Financial trouble can strike at any age and for virtually any reason. Even those who feel as if they have adequately prepared for emergencies should understand that it is impossible to foresee everything that might come up in the future. These types of financial troubles seem to be particularly troublesome for baby boomers in Connecticut. Many are turning to bankruptcy as a result.
Baby boomers are filing for bankruptcy at increasingly higher and higher rates. Individuals over the age of 65 now account for one out of every seven bankruptcy filings. The problem is not reserved for boomers who are on the younger end of the spectrum, either. In 2016, approximately half of American adults over the age of 75 had debt. In 2007, fewer than one-third of this age group had debt.

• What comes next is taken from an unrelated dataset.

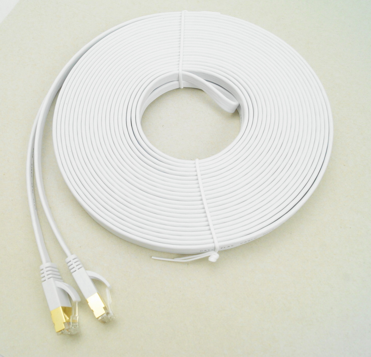 LANケーブル CAT7 15m (白)フラット 10ギガ対応 シールドケーブル 薄型 金メッキ コネクタ ツメ折れ防止

The factors driving this problem are complex. As these adults are living longer than past generations, the cost of medical care is rapidly rising. Many are still paying off student loans, have little to no personal savings and have scant — if any — pensions. One survey also found that two out of every five baby boomers had saved only $10,000 or less for retirement and one in 10 had not saved anything. Stagnant incomes that never kept up with inflation could have contributed to this lack of savings, and older Americans are also likely to have sizable credit card debts.
Debt is often painted as a problem caused by frivolous spending habits or poor budgeting skills. In reality, many people end up in debt because of snowballing problems, such as an unexpected bill, low wages and more. When a person in Connecticut finds that he or she can no longer find a way out of debt, personal bankruptcy can help clear a path towards improved finances.